The Ministry of Finance and Planning in South Sudan is yet to present its 2024/2025 budget in parliament and has halted government agencies from making any payments supposed to have been sorted out in the elapsed financial year.
- In a public notice signed by the country’s Undersecretary for Finance, Malual Tap Dieu, the ministry cited that the 2023/2024 Financial Year officially ended on June 30th and the suspension of government spending.
- Many civil servants in the country have been unpaid for months, as far as November last year, and the announcement by the ministry is likely to compound their challenges.
- New claims for payment would only be considered and sorted out once the country drafts a financial budget that will then need to be approved by the Transitional National Legislative Assembly.
“As you are well aware, the Fiscal Year 2023-2024 officially ends on June 30, 2024. Therefore, the Ministry of Finance and Planning hereby informs all spending agencies and the general public that all payments will be suspended until further notice,” the notice stated.
Why it Matters
As is tradition, all member states of the East African Community (EAC) are supposed to present their budgets on the same day. However, weeks after all other member states presented theirs on June 13th, South Sudan has delayed its budget as it grapples with an intense economic crisis worsened by the ongoing conflict in neighbouring Sudan.
On Thursday last week, South Sudanese Finance Minister Awow Daniel Chuang presented a preliminary draft of the budget. The country will probably finance a SSP 2.4 Trillion budget unless any further considerations are made. With revenue projections sitting at SSP 1.7 Trillion, the ailing nation expects a deficit of more than SSP 700 Billion. If these figures are ratified, it would be a 14% increase from last year’s budget.
The conflict in Sudan, which is still the main route for the landlocked country’s crude oil, has complicated the country’s ability to supply crude oil, which is its major export and source of revenue. It has resulted in several stoppages on the route, through which Juba normally supplies 150,000 barrels per day through Port Sudan. After South Sudan seceded in 2011, it made a deal with Khartoum to keep the oil flowing through the latter’s territory and pay a transit fee.

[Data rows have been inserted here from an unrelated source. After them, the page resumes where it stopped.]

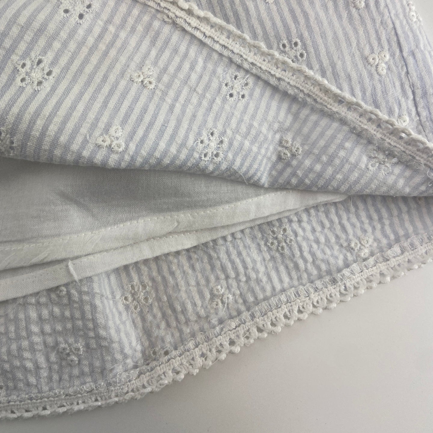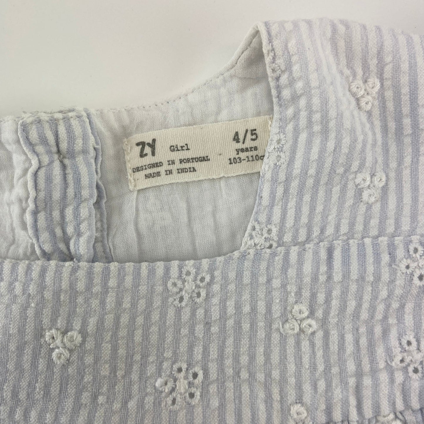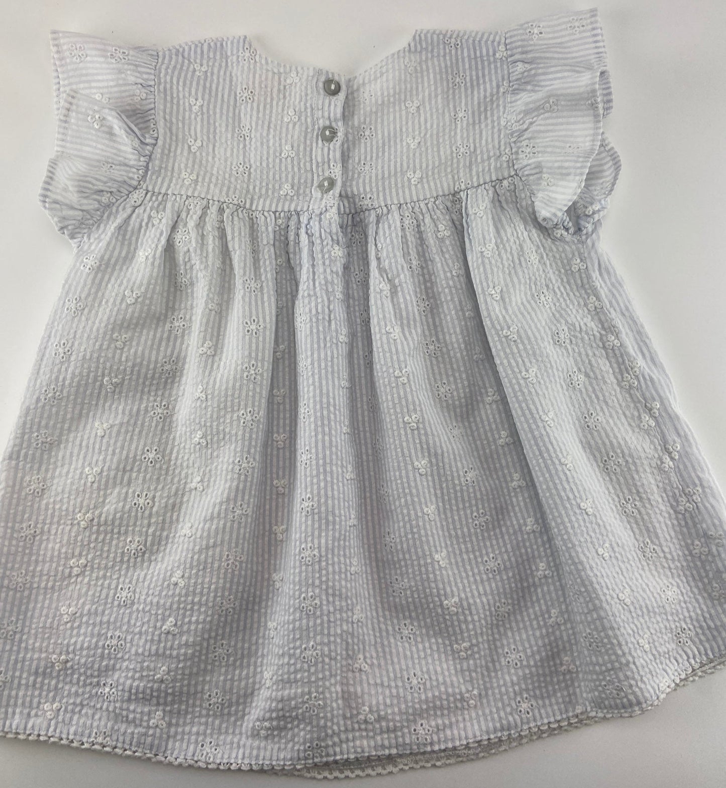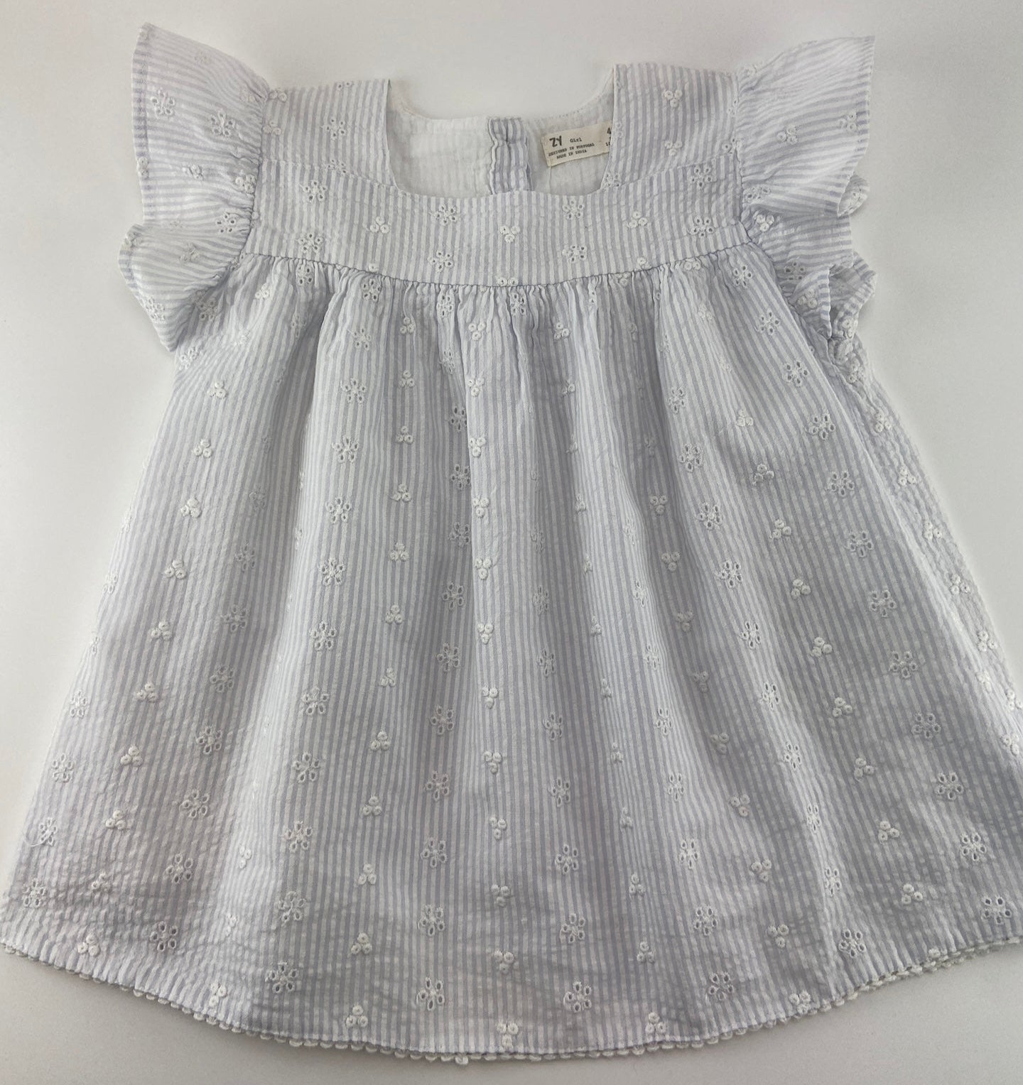 Túnica com folho nas mangas. Tecido com padrão de riscas e flores bordadas.
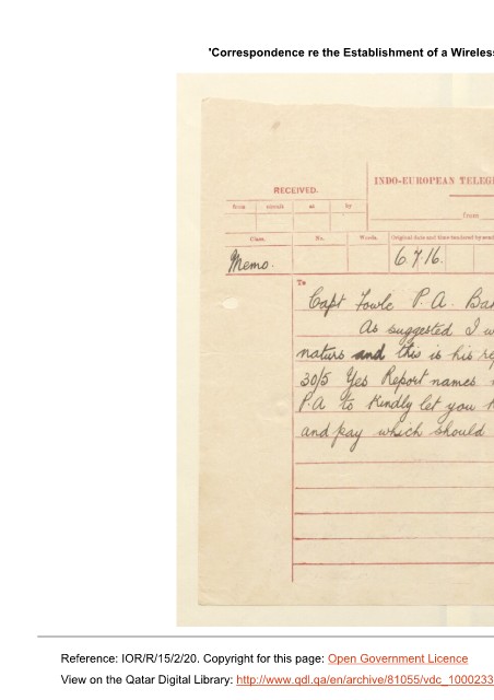 'Correspondence re the Establishment of a Wireless Telegraph Station in Bahrain' [113r] (229/324)
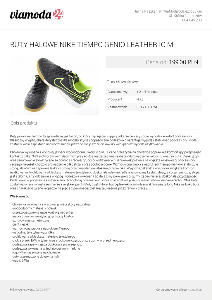 Halina Paszkaniak "ViaModa"odzież, obuwie Ul. Krótka 1, brzozów 604 645 233 BUTY HALOWE NIKE TIEMPO GENIO LEATHER IC M Cena od: 199,00 PLN Opis słownikowy Czas dostawy 1-2 dni robocze Producent NIKE Zastosowanie BUTY HALOWE Opis produktu Buty piłkarskie Tiempo to sprawdzony już fason, po który najczęściej sięgają piłkarze ceniący sobie wygodę i komfort podczas gry. Klasyczny wygląd, charakterystyczne dla modelu szycia i dopasowana podeszwa gwarantują wygodę i stabilność podczas gry. Model został w wielu aspektach unowocześniony, przez co ma jeszcze ciekawszy wygląd oraz wygodę użytkowania. Cholewka wykonana z wysokiej jakości, wodoodpornej skóry licowej. Liczne przeszycia na cholewce poprawiają komfort gry polepszając kontakt z piłką. Siatka otworów wentylacyjnych przy kostce ma za zadanie szybsze odprowadzanie wilgoci z wnętrza buta. Cienki język oraz sznurowanie symetryczne za pomocą średniej grubości wytrzymałych sznurówek pozwala na większe możliwości podczas gry, szczególnie jeżeli chodzi o prowadzenie piłki, strzały oraz podbicia górne. Wzmocniona piętka z nadrukiem Tiempo nie tylko stabilizuje stopę, ale również zapewnia lekką ochronę przed nieudanymi atakami przeciwnika. Wygodna, tekstylna wyściółka zwiększa komfort użytkowania. Profilowana wkładka z materiału tekstylnego doskonale odzwierciedla anatomiczny kształt stopy, a co za tym idzie, stopa jest stabilna, a Ty odczuwasz wygodę. Podeszwa wykonana została z wysokiej jakości gumy, zapewniającej doskonałą przyczepność. Dodatkowo w podeszwie zastosowano technologię non-marking, która uniemożliwia pozostawianie śladów na nawierzchni. Otok buta został wykonany w większej mierze z miękkiej pianki EVA, dzięki której but będzie lekko amortyzował. Wyraziste logo Nike na boku buta oraz charakterystyczne kropeczki na pięcie z pewnością zostaną zauważone przez fanów i graczy. Właściwości: -cholewka wykonana z wysokiej jakości skóry naturalnej -wodoodporny materiał cholewki -przeszycia zwiększające kontrolę nad piłką -siatka otworów wentylacyjnych przy kostce -sznurowanie symetryczne -cienki język -wzmocniona piętka z nadrukiem Tiempo -wygodna, tekstylna wyściółka -profilowana wkładka z materiału tekstylnego -otok z pianki EVA w tylnej oraz środkowej części, oraz z gumy w przedniej części -podeszwa zapewniająca doskonałą przyczepność -podeszwa wykonana w technologii non-marking -logo Nike naszywane na cholewie -buty przeznaczone do gry na hali -waga: 245g Plik wygenerowano: 02-03-2017 Oprogramowanie sklepu: AptusShop Halina Paszkaniak "ViaModa"odzież, obuwie Ul. Krótka 1, brzozów 604 645 233 Materiał: - skóra - cholewka - materiał tekstylny - wyściółka oraz wkładka Kolor: - czarny - żółty - kropeczki na pięcie, obramowanie łyżwy, wyściółka Parametry WYBIERZ ROZMIAR 39 Warianty produktu Buty halowe Nike Tiempo Genio Leather IC M 199,00 PLN Buty halowe Nike Tiempo Genio Leather IC M 631283-007 Galeria Plik wygenerowano: 02-03-2017 Powered by TCPDF (www.tcpdf.org) Oprogramowanie sklepu: AptusShop

A February breakdown of a major pipeline transporting 60% of its crude oil had immediate effects, and the prices of other basic commodities have skyrocketed. The situation has worsened as the country’s currency continues plummeting against the dollar. According to Trading Economics, consumer prices rose by 22.5% Year-On-Year in March this year bringing the food inflation rate to 186%.
Juba is hoping for progress in the Sudan peace process, which still seems far off as Khartoum and the Rapid Support Forces (RSF) continue to escalate clashes and blame each other for destroying the crucial pipelines. It’ll also be hoping for better oil prices this year and market stability to restore soundness to its economy.